Though a small essay, this blog post was definitely worth a read. Whenever I get a large sediment (currant wine tends to have a huge deposit) I top up the racked demijohn with a sugar/syrup solution, so that I end up with a full six bottles. I suspect this dilutes the flavour a little, but it has never destroyed the wine. It has, often, made the wine fizzy, though - but that is another story. And best of luck with carrots - I'll be interested to know how that goes, and may experiment with them sometime next year. Beetroot and parsnips are good root vegetables for wine. Potatoes are not!

Sensory Dragon said...

Morning Ben, thanks for the tip about the sugar solution; what ratio of sugar to water do you use? Can't wait to have a go at beetroot or parsnip wine. Hopefully I'll have enough growing in my garden to drink as well as eat. As you can probably tell by now I can't write short blogs; as hard as I try sometimes there's just too much in my head that needs to come out!

Ben Hardy said...

I generally use a ratio of 1 pint of water to 6 oz sugar. But it is worth having a small taste of the wine before deciding how much sugar to put in. The ratio above is that recommended by CJJ Berry, but it often makes the wine too sweet. My 'small tastes' at the racking stage are miniscule, and are the result of me tipping out the liquid from the bund at the end of my plastic tube - and this gives me sufficient idea.
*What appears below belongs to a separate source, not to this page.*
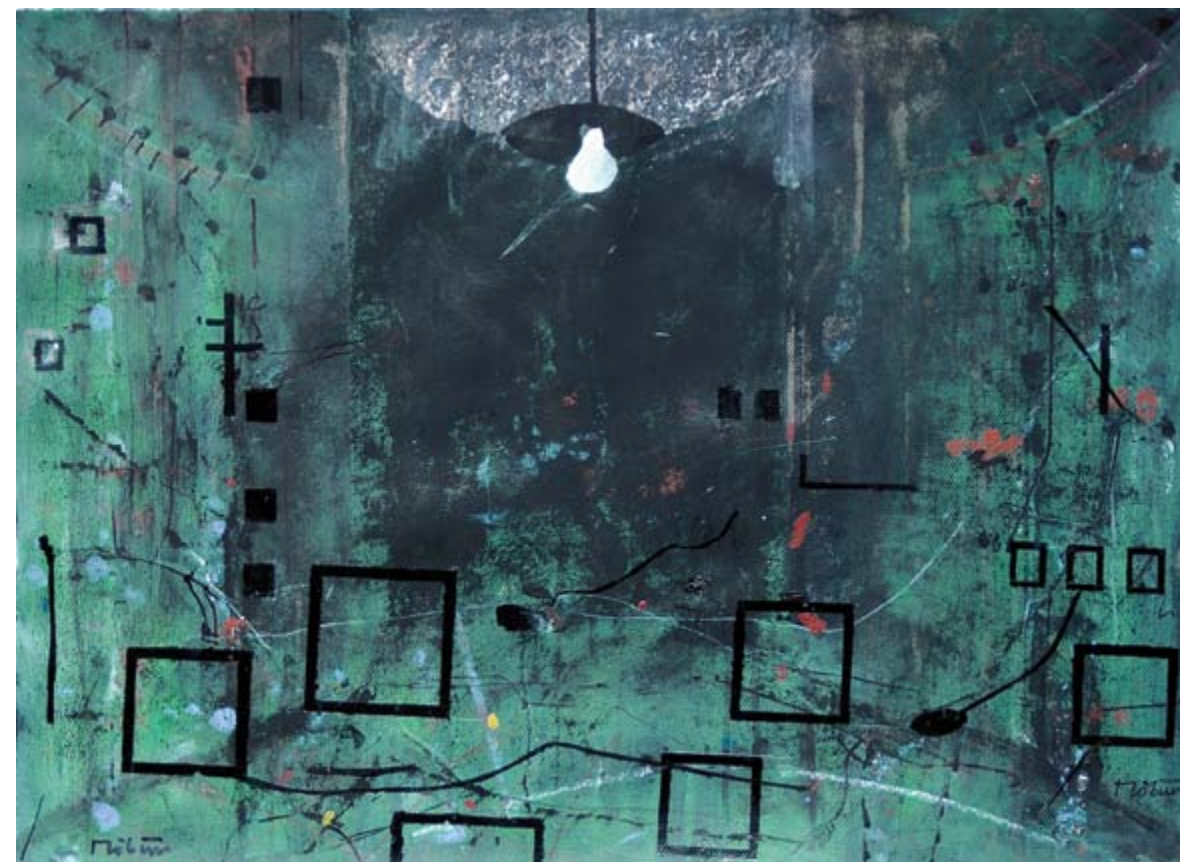
20. Revolt of the Modules mixed media on paper 42 x 58 cm

My parsnip wine is actually 'prune and parsnip' and tastes very much like a sherry. My beetroot wine is 'spiced beetroot', and has a colour which is amazing - flourescent purple.

Sensory Dragon said...

Hi Ben, I guess Mr. Berry liked his wine sweet. I'm more a fan of dry wines although the plum wine was way too sharp to begin with which is why I added more sugar to it - which turned out to be a good thing to do. I love the idea of a spiced beetroot wine and the colour sounds amazing...will keep that in mind for a later date! Thanks again for the tip on the sugar solution.

Claire said...

Hiya, how was the wine, have you drunk it all now?!!! Sounds yum!! Oh and Stowe Gardens sounds fab and a bit like Stourhead in Wiltshire (another NT garden and really beautiful!). Hope you are enjoying your garden despite the recent rain! Have a good weekend x

Sensory Dragon said...

Hi Claire,

Just back from spending a few days in Northern Ireland - a bit of work followed by a weekend break - perfect! The plum wine has gone already! Next wine attempt will be carrot....when I get a chance to get it started. I've never been to Stourhead but the Sensory Trust (who I work for) have done a Seasonal Trail there for the National Trust; about 3 or 4 years ago I think. I'm behind with my garden clearance because of the weather, time away etc so I'm going to have to get cracking again this's looking a bit overgrown again. Nature doesn't wait does She!! Hope you, the family and growing number of pets are all well!

Kay Sexton said...

Thank you for the endorsement - I'm really glad that the book was a good choice (some people know their sisters well, others don't, your lovely sister seems to have the knack of choosing the right present, which is wonderful!) and I look forward to following your horticultural progress!

Sensory Dragon said...

Hi Kate, word is spreading about your book and a work colleague of mine has since bought the book for her sister, who is now enjoying reading it on her sofa! Seems to be a favourite present between sisters! Thank you for such a great read and I hope you'll be writing more allotment stories before too long.